Records drawn from a dataset
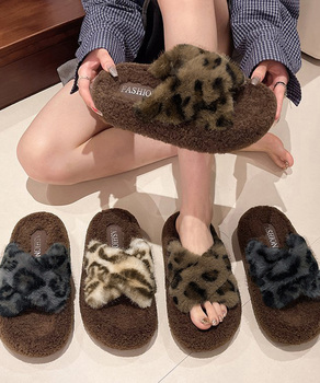 レオパードサンダルレディース もこもこあったかフラットシューズ 歩きやすい ふわふわ ルームシューズ 疲れない 寒さ対策かわいい秋冬靴美脚 ボアルームサンダル 外履きサンダル人気
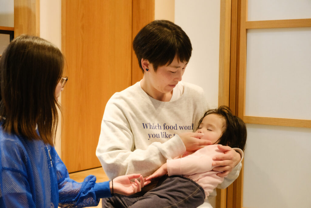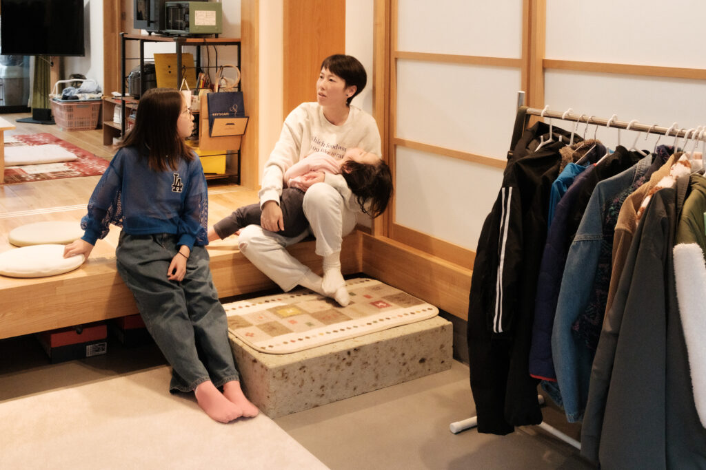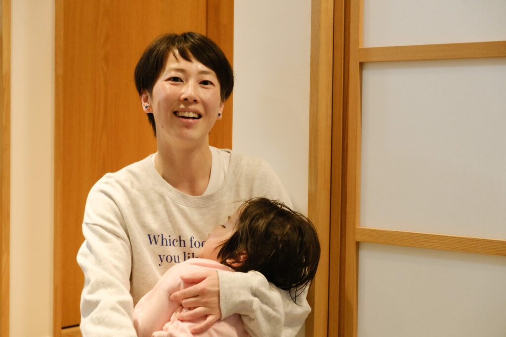 優希さん。お昼寝中の次女を抱え、きょうだいが遊ぶにぎやかな声が響くなかでお話してくれた
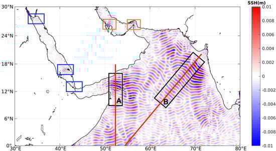Snapshot of mode-1 internal tides’ SSH at 00:53:20, 5 November 2015. Two primary generation sources of internal tides are suggested: Kilmia Island and the western India Peninsula, indicated by Rectangles A and B. The color represents the positive and negative values of the SSH. The three blue boxes indicate the generation locations of internal tides in the Red Sea. The red lines represent the locations of the profiles shown in Figure 4 along the internal tides’ propagation direction.
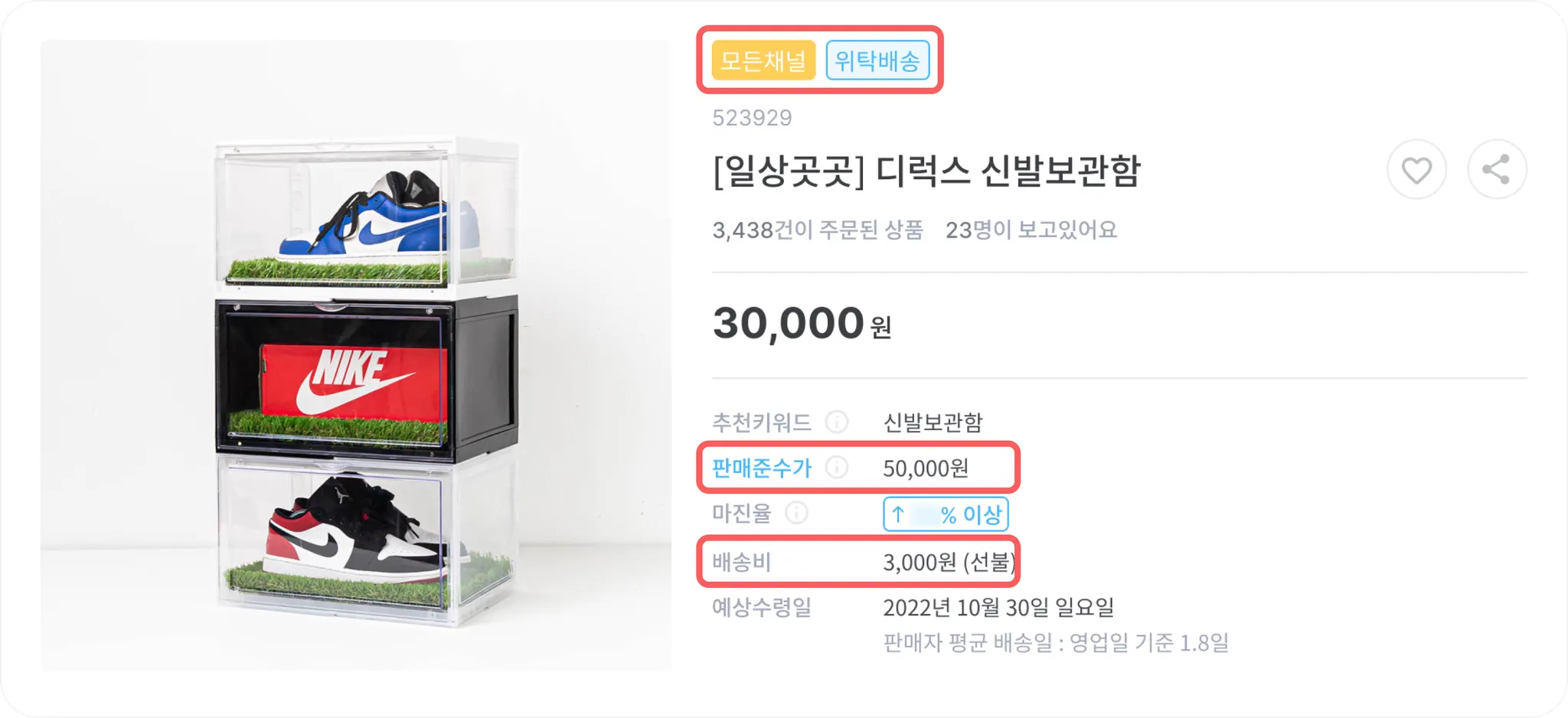 공급처에서 제공하는 상품 정보 페이지에서 상품명과 판매준수가와 배송비를 확인해주세요.
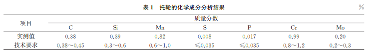 在托輪上取樣進(jìn)行化學(xué)成分分析,結(jié)果如表1 所示,可見托輪的化學(xué)成分均滿足技術(shù)要求。
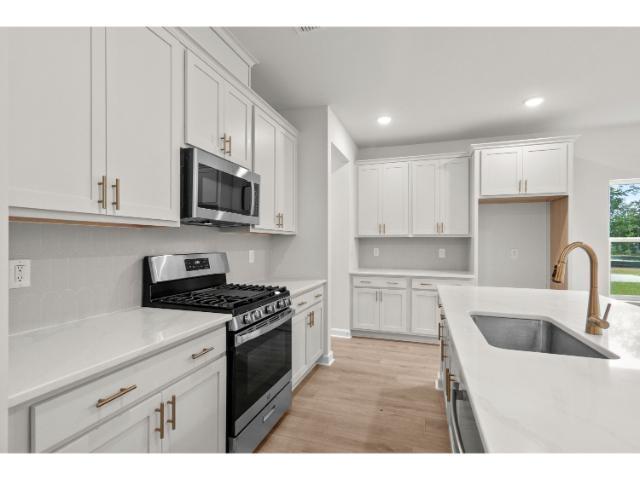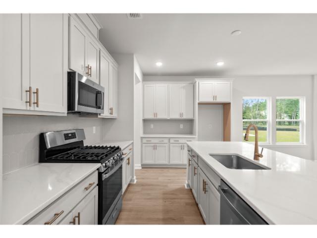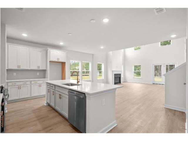 An open-to-below style home with 20-foot ceilings in the family room area with second floor loft above. 4 bedrooms and 3 and a half bath. The Primary Bedroom is on 1st floor, with all others on second floor. Gas Fireplace upgraded LVP flooring, and wood case stairs. Tile shower in Primary Bedroom, gas stainless appliances, gas tankless hot water system, gas heat, and upgraded quartzes counter tops in kitchen and bathrooms.
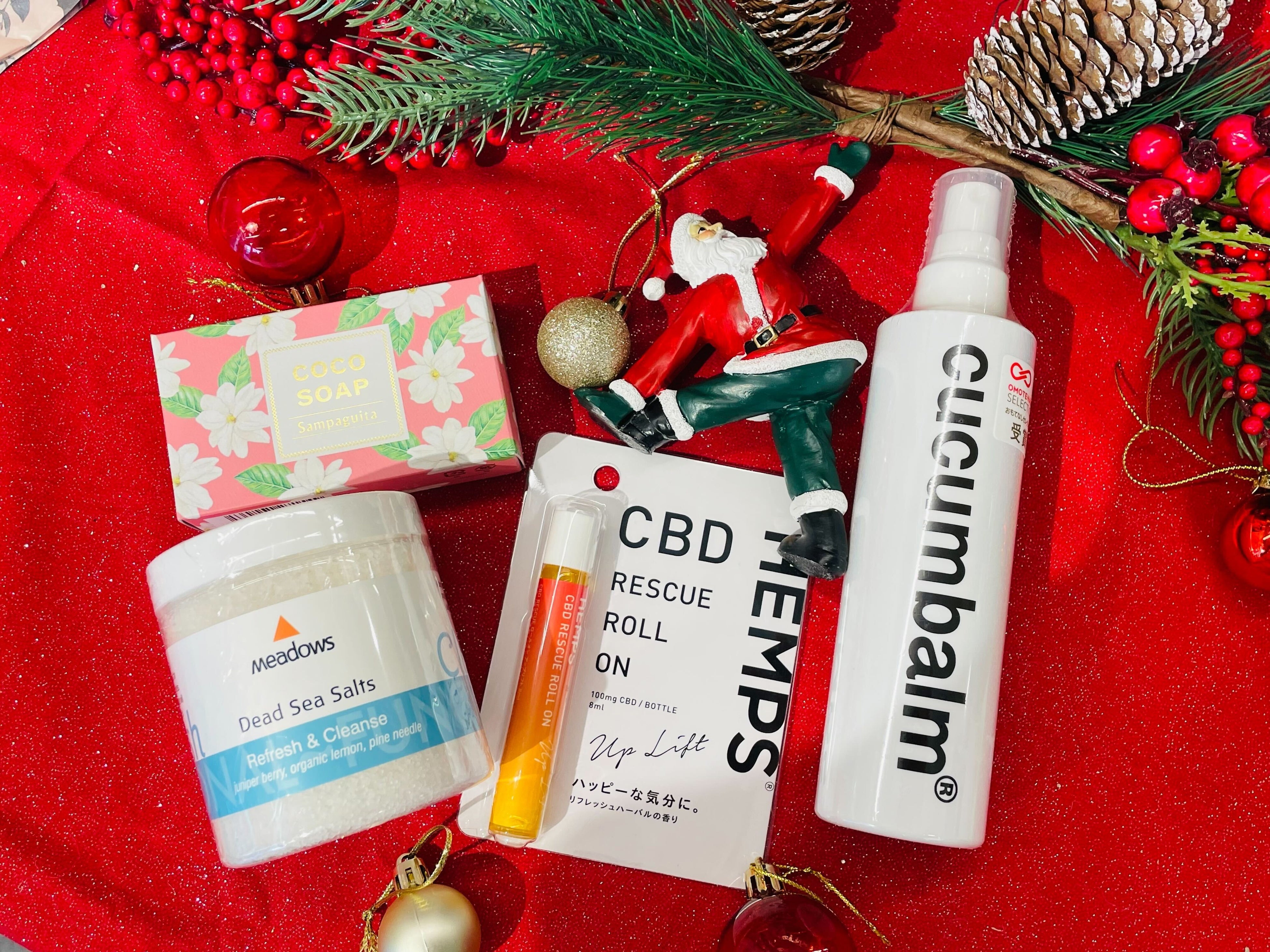 内容:cucumbalm/化粧水、HEMPS/CBD RESCUE ロールオン、cocowel/ソープ、meadows/アロマバスソルト デッドシーソルト
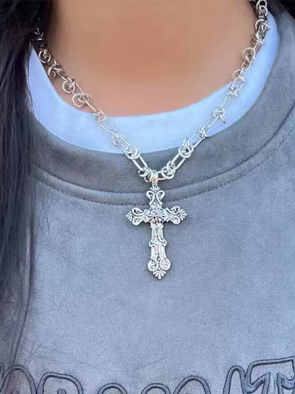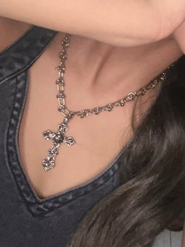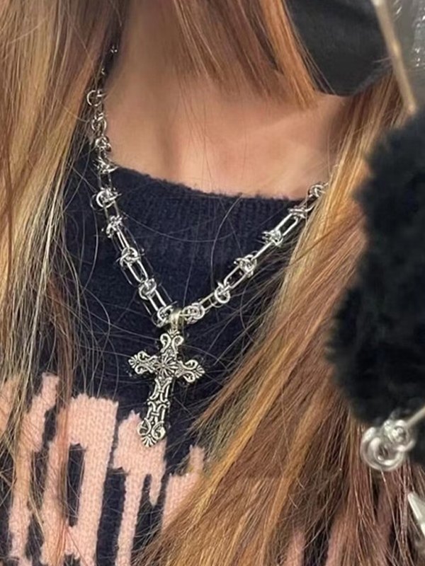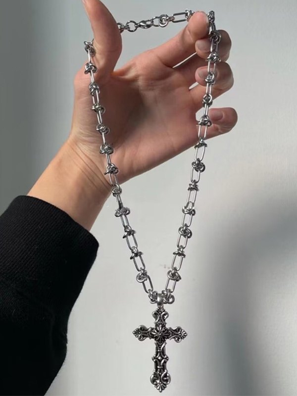 Collar de cadena de plata con cruz punk
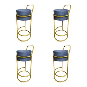 Kit 4 Banquetas Alta Redonda Base Dourada Veludo - Cinza
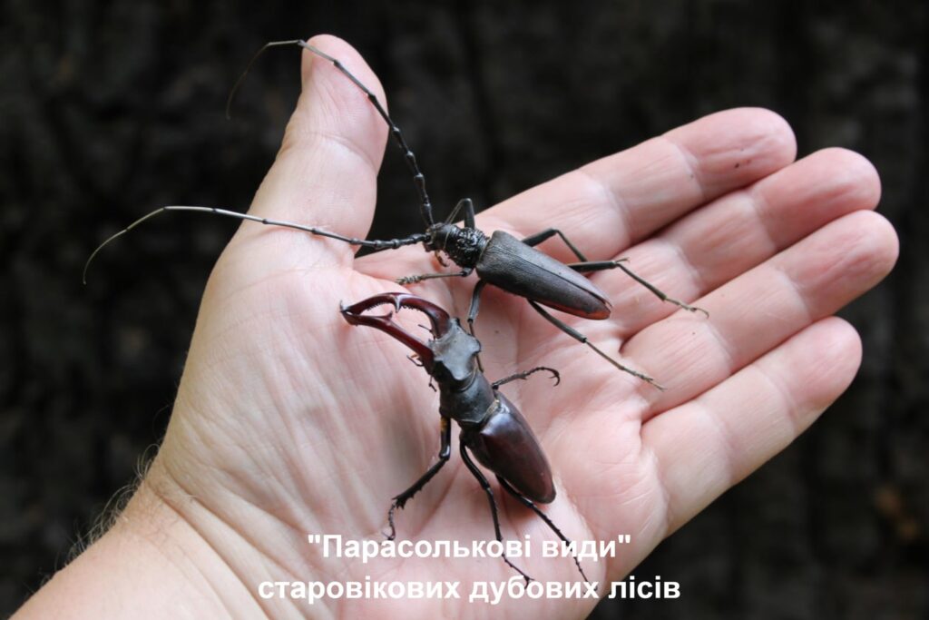 🌳Для дубових лісів України властиве значне біорізноманіття в якому визначну роль відіграють комахи камбіо- ксилофаги. Їх життєдіяльність надзвичайно тісно пов’язана з деревиною дубів. Серед цієї групи комах особливе місце займає великий дубовий вусач (Cerambyx cerdo), який, разом із жуком-оленем, є так званим «парасольковим» видом (umbrella species) – індикатором старовікових лісів. Охороняючи ділянки, де трапляються ці види, можна бути впевненим що разом із ними охороняють також усю екологічну спільноту їхнього середовища існування, у т.ч. й інші рідкісні види старовікових дубових лісів.
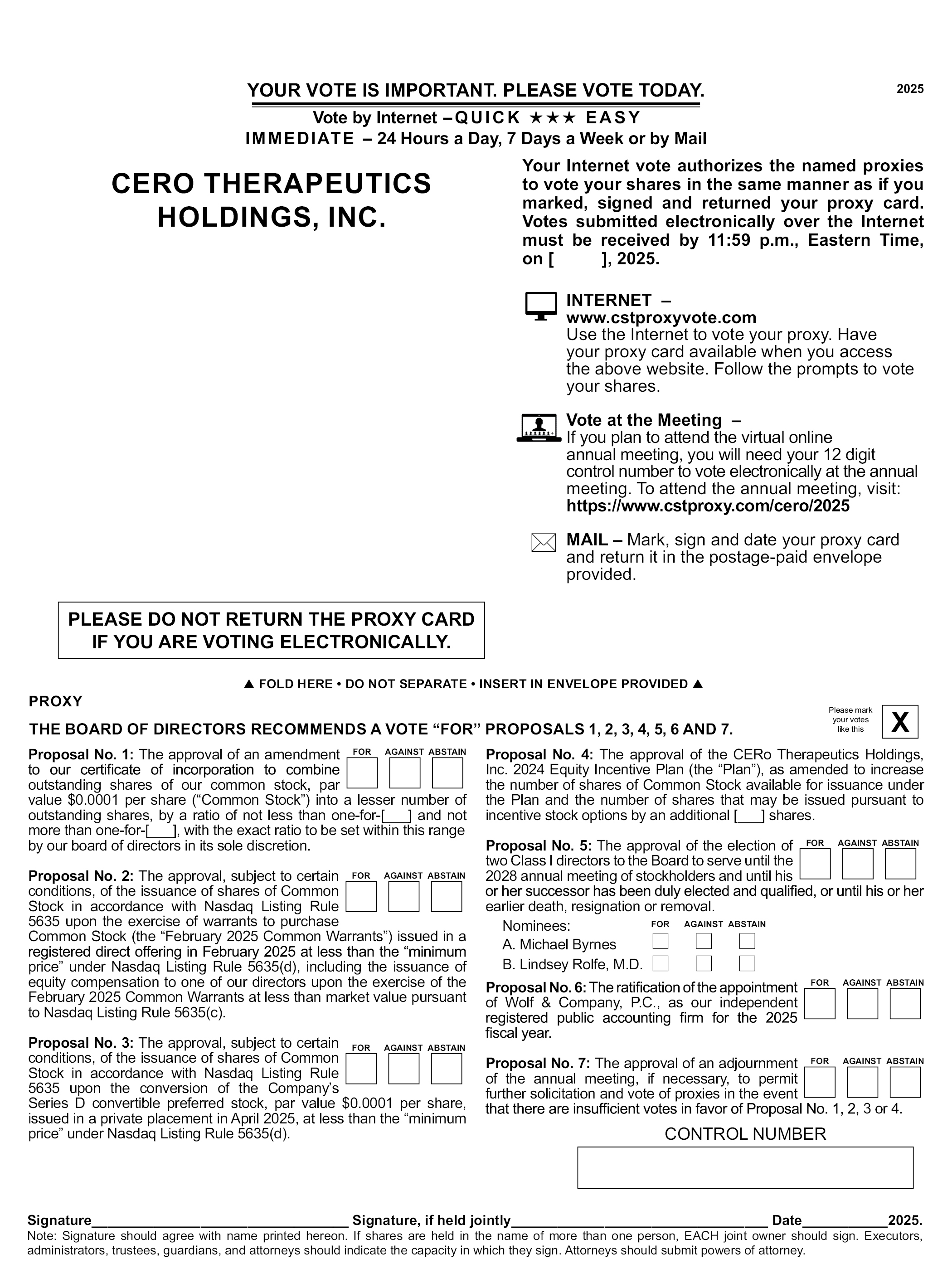 YOUR VOTE IS IMPORTANT. PLEASE VOTE TODAY. Vote by Internet - QUICK EASYIMMEDIATE - 24 Hours a Day, 7 Days a Week or by Mail 2025 CERO THERAPEUTICSHOLDINGS, INC. Your Internet vote authorizes the named proxies to vote your shares in the same manner as if you marked, signed and returned your proxy card. Votes submitted electronically over the Internet must be received by 11:59 p.m., Eastern Time, on [ ], 2025. INTERNET – www.cstproxyvote.comUse the Internet to vote your proxy. Have your proxy card available when you access the above website. Follow the prompts to vote your shares. Vote at the Meeting – If you plan to attend the virtual online annual meeting, you will need your 12 digit control number to vote electronically at the annual meeting. To attend the annual meeting, visit: https://www.cstproxy.com/cero/2025MAIL – Mark, sign and date your proxy card and return it in the postage-paid envelope provided. PLEASE DO NOT RETURN THE PROXY CARD IF YOU ARE VOTING ELECTRONICALLY. FOLD HERE • DO NOT SEPARATE • INSERT IN ENVELOPE PROVIDED PROXY Please mark your votes like this THE BOARD OF DIRECTORS RECOMMENDS A VOTE “FOR” PROPOSALS 1, 2, 3, 4, 5, 6 AND 7. FORAGAINSTABSTAIN Proposal No. 1: The approval of an amendment to our certificate of incorporation to combine outstanding shares of our common stock, par value $0.0001 per share (“Common Stock”) into a lesser number of outstanding shares, by a ratio of not less than one-for-[___] and not more than one-for-[___], with the exact ratio to be set within this range by our board of directors in its sole discretion. Proposal No. 2: The approval, subject to certain conditions, of the issuance of shares of Common Stock in accordance with Nasdaq Listing Rule 5635 upon the exercise of warrants to purchase Common Stock (the “February 2025 Common Warrants”) issued in a registered direct offering in February 2025 at less than the “minimum price” under Nasdaq Listing Rule 5635(d), including the issuance of equity compensation to one of our directors upon the exercise of the February 2025 Common Warrants at less than market value pursuant to Nasdaq Listing Rule 5635(c).Proposal No. 3: The approval, subject to certain conditions, of the issuance of shares of Common Stock in accordance with Nasdaq Listing Rule 5635 upon the conversion of the Company’s Series D convertible preferred stock, par value $0.0001 per share, issued in a private placement in April 2025, at less than the “minimum price” under Nasdaq Listing Rule 5635(d). Proposal No. 4: The approval of the CER o Therapeutics Holdings, Inc. 2024 Equity Incentive Plan (the “Plan”), as amended to increase the number of shares of Common Stock available for issuance under the Plan and the number of shares that may be issued pursuant to incentive stock options by an additional [___] shares. Proposal No. 5: The approval of the election of two Class I directors to the Board to serve until the 2028 annual meeting of stockholders and until his or her successor has been duly elected and qualified, or until his or her earlier death, resignation or removal. Nominees: A. Michael Byrnes B. Lindsey Rolfe, M.D.Proposal No. 6: The ratification of the appointment of Wolf & Company, P.C., as our independent registered public accounting firm for the 2025 fiscal year. Proposal No. 7: The approval of an adjournment of the annual meeting, if necessary, to permit further solicitation and vote of proxies in the event that there are insufficient votes in favor of Proposal No. 1, 2, 3 or 4.CONTROL NUMBER Signature Signature, if held jointly Date 2025. Note: Signature should agree with name printed hereon. If shares are held in the name of more than one person, EACH joint owner should sign. Executors, administrators, trustees, guardians, and attorneys should indicate the capacity in which they sign. Attorneys should submit powers of attorney.

WHAT YOU NEED TO DO>
Now transcribe the lines above exactly, starting at the line containing "Collar de cadena de plata con cruz punk" and ending at the line containing "старовікових дубових лісів.", both lines included, pictures excluded.

OUTPUT FOR THIS EXERCISE>
 Collar de cadena de plata con cruz punk
 Kit 4 Banquetas Alta Redonda Base Dourada Veludo - Cinza
 🌳Для дубових лісів України властиве значне біорізноманіття в якому визначну роль відіграють комахи камбіо- ксилофаги. Їх життєдіяльність надзвичайно тісно пов’язана з деревиною дубів. Серед цієї групи комах особливе місце займає великий дубовий вусач (Cerambyx cerdo), який, разом із жуком-оленем, є так званим «парасольковим» видом (umbrella species) – індикатором старовікових лісів. Охороняючи ділянки, де трапляються ці види, можна бути впевненим що разом із ними охороняють також усю екологічну спільноту їхнього середовища існування, у т.ч. й інші рідкісні види старовікових дубових лісів.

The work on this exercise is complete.